A teia de cumplicidades na guerra


Patrícia Reis,

Sem uma profunda teia de cumplicidades pessoais, ao mais alto nível, a II Guerra Mundial não teria sido o que foi. Esta é a tese central do historiador francês Marc Ferro no seu livro Sete Homens em Guerra. As cumplicidades foram simétricas: assentaram, do lado do Eixo, na forte relação pessoal entre Hitler e Mussolini e, do lado ocidental, na firme aliança entre Roosevelt e Churchill. Entre os dois pólos, oscilou Estaline – que em 1939 assinou o pacto de não-agressão com Berlim e em 1941, com os tanques germânicos a acossá-lo, se aliou a Londres e Washington. As restantes figuras históricas que justificam o título do livro são o general Charles de Gaulle, chefe da França Livre, e o imperador japonês Hirohito, aliado de Hitler no Oriente.

 

Ferro revela múltiplos episódios protagonizados por todos eles. Hitler, por exemplo, era um antigo admirador de Mussolini. Quando se encontraram pela primeira vez, o alemão ofereceu ao italiano as obras de Nietzsche, o seu filósofo preferido. Estaline, por sua vez, manteve laços diplomáticos com a Roma fascista durante cerca de uma década. E no início dos anos 30 mandou traduzir para russo o Mein Kampf, de Hitler, obra que leu atentamente. Churchill, embora detestasse o líder nazi, chegou a ser um notório admirador de Mussolini.
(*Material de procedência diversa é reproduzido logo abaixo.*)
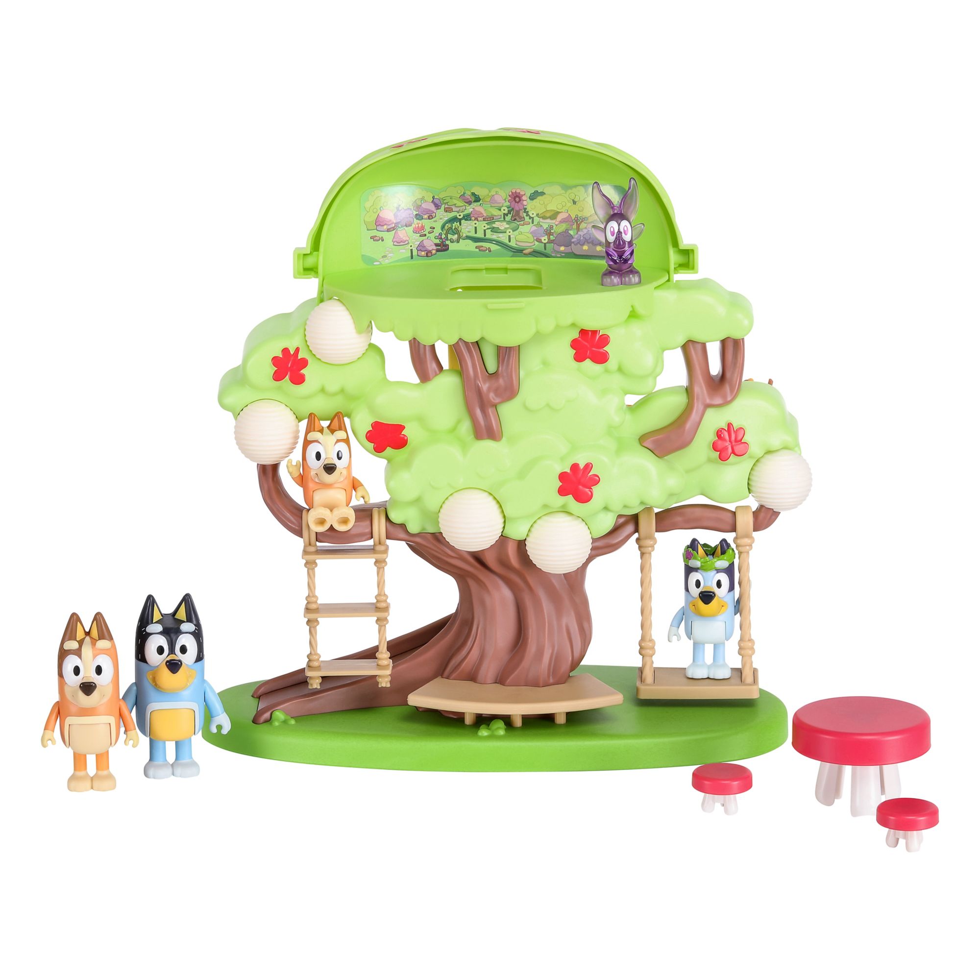 This playset is huge at a whopping 11" tall and is a replica of the iconic tree in Bluey's backyard where so many of her and Bingo's adventures took place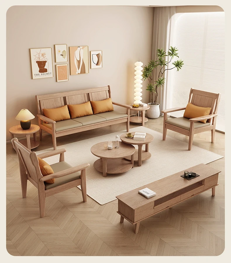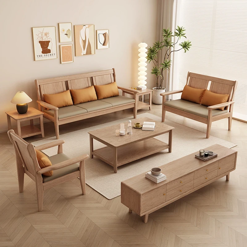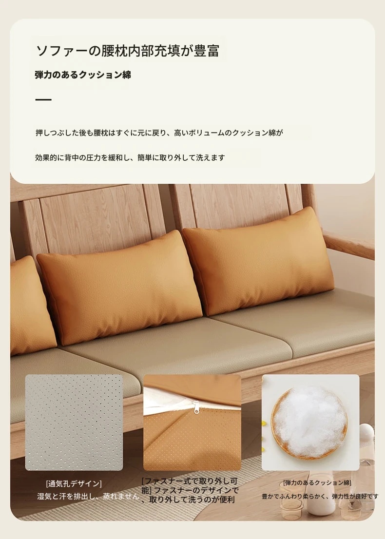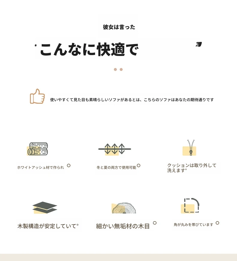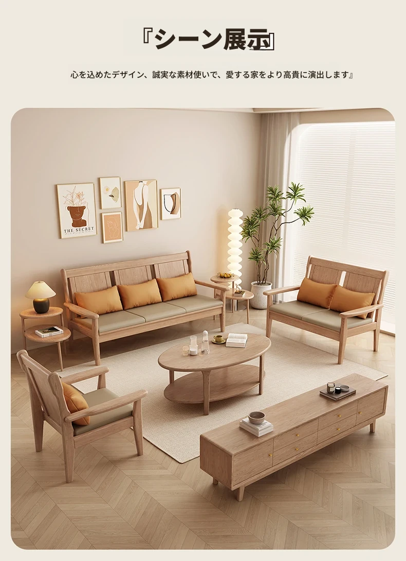 2025年新作!全実木ホワイトアッシュ製のストレートソファ - モダンでシンプルなデザイン、小型住宅に最適。冬も夏も快適に過ごせる、理想的なリビング空間を演出します!

Roosevelt e Estaline estimavam-se mutuamente. A tal ponto que na conferência de Ialta, quando o presidente americano não compareceu a uma sessão de trabalho por se encontrar muito doente, o ditador soviético teve a preocupação de visitá-lo. “Porque é que a natureza o castiga desta forma?”, interrogou-se no final, virando-se para Molotov e Gromyko, que o acompanhavam.

 

Alguns outros episódios:

– Quando visitou Estaline, em Dezembro de 1944, De Gaulle recusou dormir na Casa de Hóspedes do Kremlin, alegadamente por ter “muitos micróbios”, optando pela embaixada francesa. E enalteceu Estalinegrado como “símbolo da unidade entre aliados”, ignorando o esforço solitário dos russos. Resultado: Estaline reservou-lhe um tratamento glacial.

– Em Ialta, o ditador soviético apresentou o temível Beria, chefe do KGB, a Roosevelt e Churchill. “Quem é?”, perguntou-lhe o inquilino da Casa Branca. “É o nosso Himmler”, respondeu Estaline, deixando os seus interlocutores gelados.

Abril de 1943: Hitler e Mussolini encontram-se em Salzburgo. Estão macilentos, precocemente envelhecidos. “Dois doentes”, arrisca alguém. “Não, dois cadáveres”, corrige o dr. Pozzi, médico de Mussolini. Não se enganava: para os dois tiranos, aquele era o princípio do fim.

 

Sete Homens em Guerra. De Marc Ferro (Bertrand, 2008)

395 páginas

Classificação: * * *

12 comentários em “A teia de cumplicidades na guerra”

  1. Caro Pedro!

    O tempo tem singularidades tremendas, como aliás o seu post prova.
    Por falar em singularidades, permita-me que lhe dê nota do regresso do meu “Latitude 40”.

    Espero voltar a tê-lo como leitor.
    Obrigado.

    Abraço.
    A. Luís

  2. Existe um livro sobre a época da 2ª guerra mundial e mais concretamente sobre o holocausto nazi(lembrei-me por ver a foto do Hitler), já o li e reli e não entendo como foi possível tamanha barbaridade e ainda menos que existam pessoas a negar o holocausto. Este livro é difícil de encontrar mas já o encontrei aqui na net:

    “auschwitz inferno de mulheres”

    1. Há centenas de livros que aqui poderia recomendar, Ana. Este que refiro é muito interessante. Outro é ‘1939 – Contagem Decrescente para a Guerra’, de que falarei um pouco mais acima.

  3. Há qualquer coisa de muito subtil (e às vezes não tão subtil como isso) que é comum às personalidades dos grandes “senhores da guerra”. Por isso se reconhecem como pares, se respeitam e raramente se subestimam. Não é estranho que essa matéria que partilham os faça cúmplices, por mais que se encontrem em campos opostos.
    O livro deve ser bem interessante, Pedro.